→ TASK BRIEF: Every line in the listing below from the one with "Заводная лодка с" through the one with "網友在臉書社團新竹爆料公社發" is to be reproduced exactly, both ends included; leave out the rest.

——

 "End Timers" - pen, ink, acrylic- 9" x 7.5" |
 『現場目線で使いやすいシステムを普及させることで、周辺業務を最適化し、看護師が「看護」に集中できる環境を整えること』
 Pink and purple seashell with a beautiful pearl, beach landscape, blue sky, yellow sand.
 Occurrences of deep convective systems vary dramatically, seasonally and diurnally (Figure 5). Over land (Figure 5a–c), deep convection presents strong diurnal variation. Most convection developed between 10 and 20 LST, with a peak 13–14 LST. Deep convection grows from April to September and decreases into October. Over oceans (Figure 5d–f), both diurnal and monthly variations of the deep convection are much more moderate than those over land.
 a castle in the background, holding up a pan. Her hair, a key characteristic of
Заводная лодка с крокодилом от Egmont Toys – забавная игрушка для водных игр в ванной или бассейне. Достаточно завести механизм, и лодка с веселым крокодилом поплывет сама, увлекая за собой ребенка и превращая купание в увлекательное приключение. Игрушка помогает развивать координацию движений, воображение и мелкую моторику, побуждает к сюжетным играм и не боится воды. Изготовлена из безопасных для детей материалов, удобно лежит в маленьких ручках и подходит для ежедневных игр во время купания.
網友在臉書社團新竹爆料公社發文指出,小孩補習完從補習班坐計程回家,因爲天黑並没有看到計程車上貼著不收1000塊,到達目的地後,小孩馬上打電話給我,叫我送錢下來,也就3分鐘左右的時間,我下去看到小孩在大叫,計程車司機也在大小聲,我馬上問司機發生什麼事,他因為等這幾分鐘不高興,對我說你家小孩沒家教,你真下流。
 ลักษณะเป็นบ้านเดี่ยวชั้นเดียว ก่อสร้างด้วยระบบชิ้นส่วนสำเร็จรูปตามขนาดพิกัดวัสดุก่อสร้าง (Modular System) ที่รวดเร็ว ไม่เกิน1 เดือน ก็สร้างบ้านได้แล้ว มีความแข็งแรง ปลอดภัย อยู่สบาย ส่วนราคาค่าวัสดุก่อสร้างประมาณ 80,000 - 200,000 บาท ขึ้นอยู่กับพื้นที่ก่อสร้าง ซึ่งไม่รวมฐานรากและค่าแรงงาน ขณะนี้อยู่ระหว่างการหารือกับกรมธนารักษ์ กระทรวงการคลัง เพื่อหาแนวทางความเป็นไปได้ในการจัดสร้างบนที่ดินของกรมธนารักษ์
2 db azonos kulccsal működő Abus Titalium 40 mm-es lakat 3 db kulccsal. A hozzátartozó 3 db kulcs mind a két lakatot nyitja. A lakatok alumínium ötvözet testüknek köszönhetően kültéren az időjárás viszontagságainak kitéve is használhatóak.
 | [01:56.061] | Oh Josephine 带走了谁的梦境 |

——

→ EXPECTED OUTPUT:
Заводная лодка с крокодилом от Egmont Toys – забавная игрушка для водных игр в ванной или бассейне. Достаточно завести механизм, и лодка с веселым крокодилом поплывет сама, увлекая за собой ребенка и превращая купание в увлекательное приключение. Игрушка помогает развивать координацию движений, воображение и мелкую моторику, побуждает к сюжетным играм и не боится воды. Изготовлена из безопасных для детей материалов, удобно лежит в маленьких ручках и подходит для ежедневных игр во время купания.
網友在臉書社團新竹爆料公社發文指出,小孩補習完從補習班坐計程回家,因爲天黑並没有看到計程車上貼著不收1000塊,到達目的地後,小孩馬上打電話給我,叫我送錢下來,也就3分鐘左右的時間,我下去看到小孩在大叫,計程車司機也在大小聲,我馬上問司機發生什麼事,他因為等這幾分鐘不高興,對我說你家小孩沒家教,你真下流。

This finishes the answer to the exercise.